SSR 80-2: SECTION 216(h)(1) (42 U.S.C. 416(h)(1)) RELATIONSHIP -- VALIDITY OF MARRIAGE -- PUTATIVE MARRIAGE IN COLORADO
20 C.F.R. 404.1101
- The claimant married the worker on September 23, 1975, and lived with him until he died on July 13, 1977, in Denver Colorado. When she filed her application for mother's benefits, the claimant indicated that her husband had previously been married in December 1968. She submitted papers showing that this marriage had ended in divorce on April 13, 1971 in Denver, Colorado. The claimant, however, was unaware, until after her husband's death, that he had also been married under a different name in 1959 and that this marriage had apparently never terminated. As required by Colorado statute, the claimant had a good faith belief in the existence of a valid marriage between herself and the worker at its inception and continuing until his death; and she cohabited with him during this time. Held, the claimant is the worker's putative spouse under Colorado law.
A question has been raised as to whether a putative marriage can be established between the claimant and the worker, who used one name when he married his first wife and a different name when he married his second and third wives. This issue must be resolved because the claimant has filed an application for mother's benefits on the worker's earnings record. One of the requirements for entitlement to mother's benefits is that the claimant be the worker's widow. If a putative marriage can be established between the worker and tel claimant under Colorado law, the claimant will qualify as the worker's widow.
The worker lived in Texas between 1959 and 1963. he married his first wife in 1959 and they separated in late 1963. Three children were born of this marriage. A search of divorce records in Texas and New Mexico failed to uncover a decree terminating the marriage of the worker and his first wife.

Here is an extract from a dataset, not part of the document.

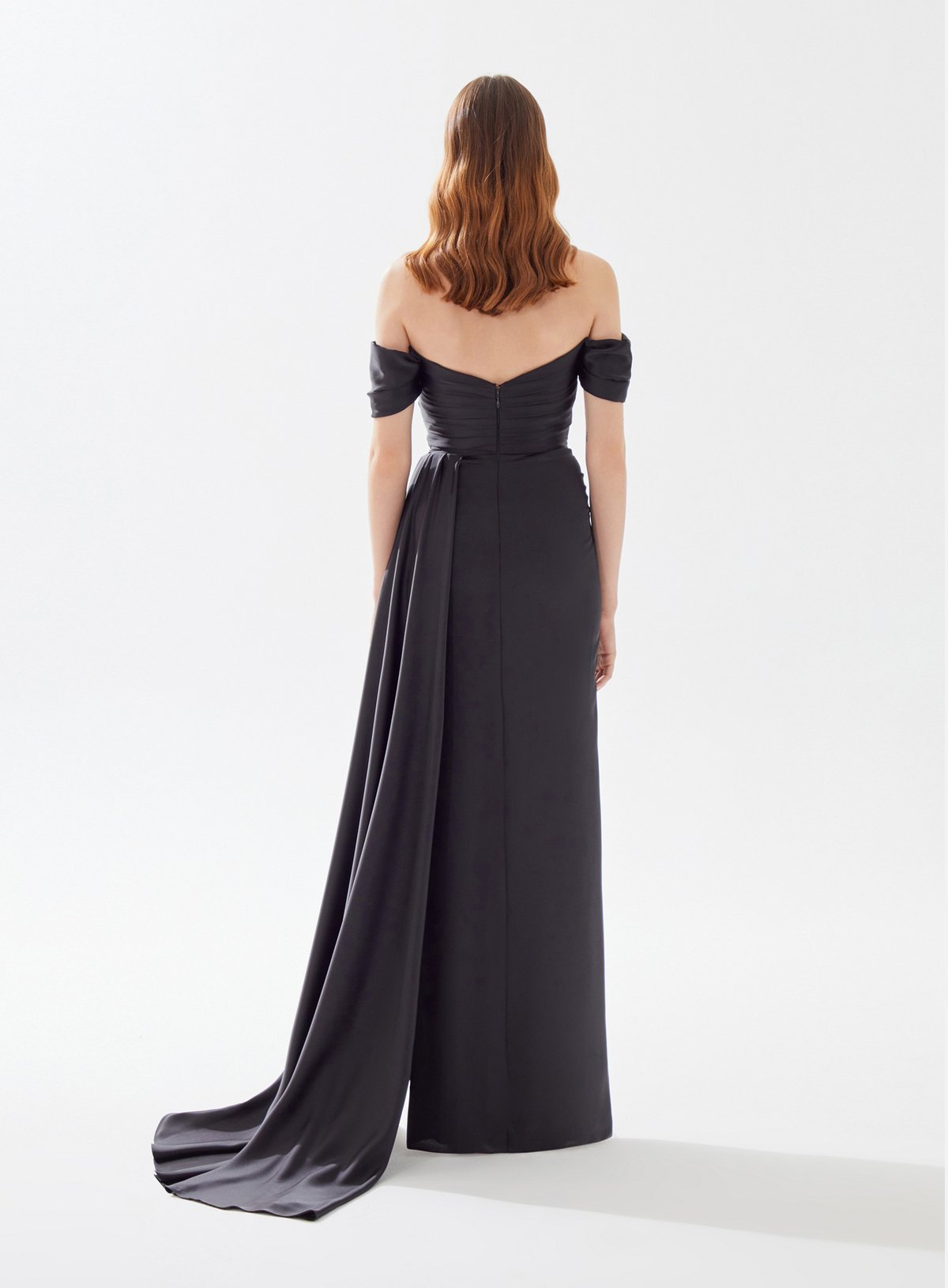 Heart Neck Off Shouldered Taffeta Dress with Drapery and Slit
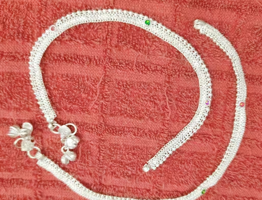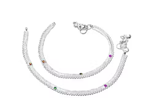 The set features chain-style anklets decorated with artificial stones and bead detailing that enhance the beauty of the jewellery. Its traditional design makes it perfect for both festive and casual wear.

The double identity of the worker has been attested to by the sister of the worker's first wife. In about 1967, she learned that the worker had left his first wife and their children without any express intent of returning. In about 1973, the sister moved to Denver, Colorado. After taking up residence there, she met the worker by coincidence. Although he identified himself under the name he used when he used when he married his second and third wives, he admitted that he used to live with her sister as her husband.
The worker married his second wife in December 1968. She obtained a divorce from him in the Denver, Colorado District Court on April 13, 1971. The worker then married the claimant on September 23, 1976. He died in Denver some ten months later on July 13, 1977.
The claimant's application for mother's benefits indicates her knowledge of the worker's second marriage, and she submitted divorce papers showing that this marriage had ended. The claimant, however, was unaware of the worker's first marriage. She stated that the worker had shown her the divorce paper terminating his second marriage and that she though her marriage to him was valid. The claimant also submitted a copy of a divorce decree which shows that her previous marriage terminated on October 2, 1968.
Colorado Rev. Statute 1973: § 14-2-111 sets forth the requirements for finding a putative marriage. It provides:
- "Any person who has cohabited with another to whom he is not legally married in the good faith belief that he was married to that person is a putative spouse until knowledge of the fact that he is not legally married terminates his status and prevents acquisition of further rights. Children born of putative spouses are legitimate. A putative spouse acquires the rights conferred upon a legal spouse, including the right to maintenance following termination of his status, whether or not the marriage is prohibited under section 14-2-110, declared invalid, or otherwise terminated by court action. If there is a legal spouse or other putative spouses, rights acquired by a putative spouse do not supersede the rights of the legal spouse or those acquired by other putative spouses, but the court shall apportion property, maintenance, and support rights among the claimants as appropriate in the circumstances and in the interests of justice."
The above-quoted Colorado statute requires that the person claiming a putative marriage must have had a good faith belief that he or she was legally married to his or her "spouse" and that the status of putative spouse terminates when he or she has knowledge that he or she is not legally married. It also requires that the parties have cohabited during this time.
The information provided by the claimant indicates that she had a good faith belief in the existence of a valid marriage between herself and the worker. Her application reflects that she knew of the worker's second marriage and divorce. There is no indication that the claimant acquired knowledge before the worker's death that they were not legally married. Her belief that her marriage to the worker was valid may have been strengthened by her having seen his divorce papers from his second wife. The claimant was free to marry by virtue of her divorce from her previous spouse, and she and the worker cohabited until his death.
Accordingly, the determination that the claimant is the putative spouse of the worker is legally justifiable.